There is a special vinyl-siding paint around.  Extra sticky, extra stretchy.  I agree with you though, it's a dumb concept.  Kind of like getting out the tremclad and paintint the wheels on your car.  You CAN do it.. but .... yuck.   Anything that scratches the siding will leave a nice blue line, anypart of the siding that wasn't surgically clean can give you a nice paint blister.  If it gets real cold, the paint may just fall off.  
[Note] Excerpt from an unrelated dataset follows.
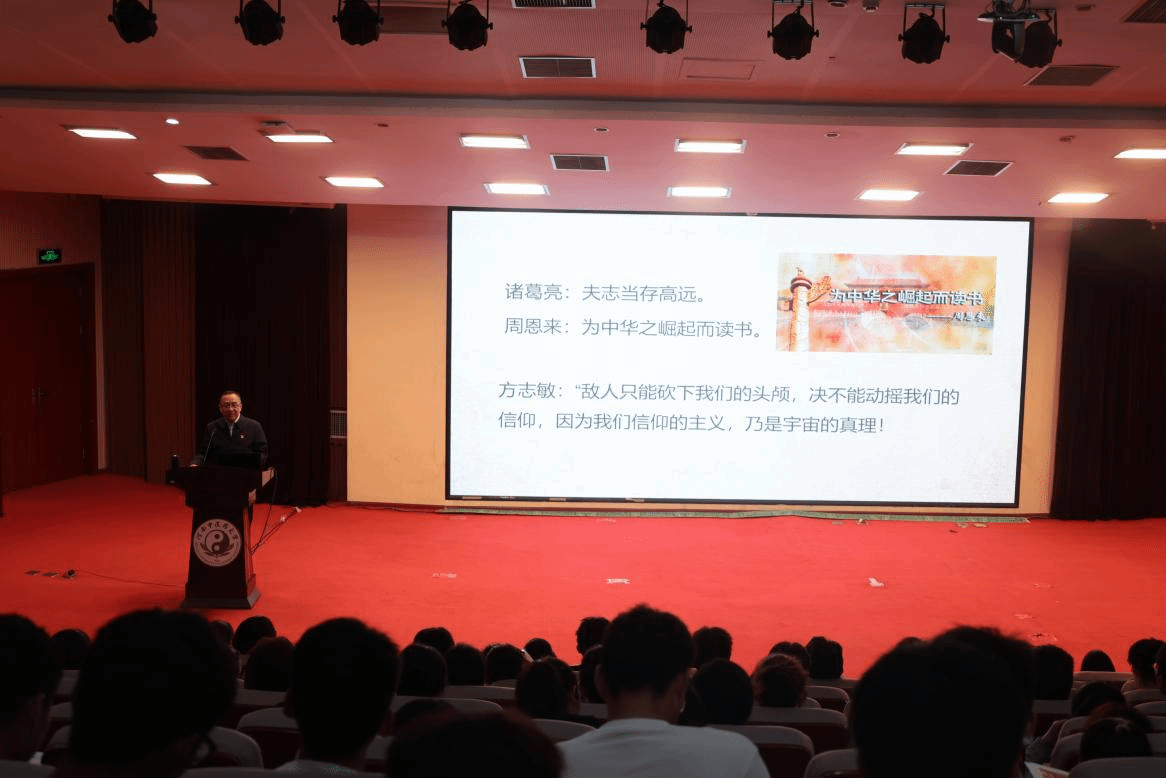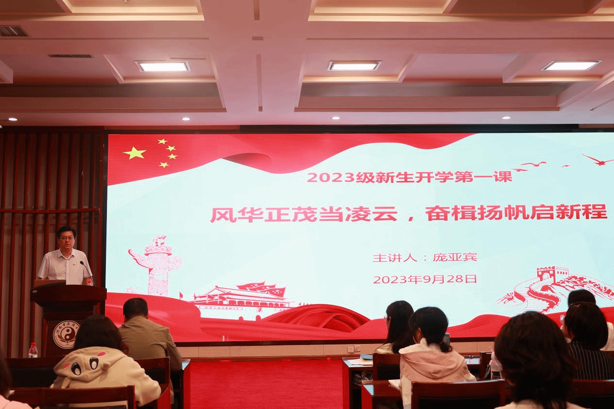 党委副书记徐里以《奋勇前行,做堪当时代重任的青年》为题讲授“开学第一课”。他围绕鉴往知来、立志圣贤、励志成才三方面,并通过对过往之中国、当下之中国、未来之中国的历史回顾和未来畅想,号召全体同学以史鉴今、坚定信念、爱党爱国;以圣明志,传承岐黄、爱校荣校;以勤立学,锤炼本领,堪当大任。

Other than that, your neighbour has a great idea.  Tell him he should paint his siding, then cover that with cedar to REALLY protect it.


----------



## CRAFTSMEN (Mar 15, 2006)

You Can Paint Your Siding As Long As Its Been Weathered,
And It Is Dull, You Must Remove Any Chalk First,
Only Use A Good Quality Latex Apply 2 Coats, (satin Finish)
Spraying It Is Best,weve Done Many Houses This Way,
And Never Had Any Problems,the Vinly Holds Paint Very Well,
And Last A Lot Longer Than Wood When Done Properly.
We Noticed That The Vinly Shutters That We Would Paint,
Would Far Out Last The Paint Job On The House
The Latex Will Expand And Contract With The Weather.
Sherwin Williams-ben Moore-california Paints Only


----------



## Bridgewater (Mar 30, 2006)

Maby your siding aint up to date, but I would never tell anyone to paint Vinyl siding.
 If i'ts that bad you ought to come up with a color thats fits the whole building and strip it,tear it all off and agree on a color that fits your building and your neighborhood and live with a nice compromise and the cost to reside!


----------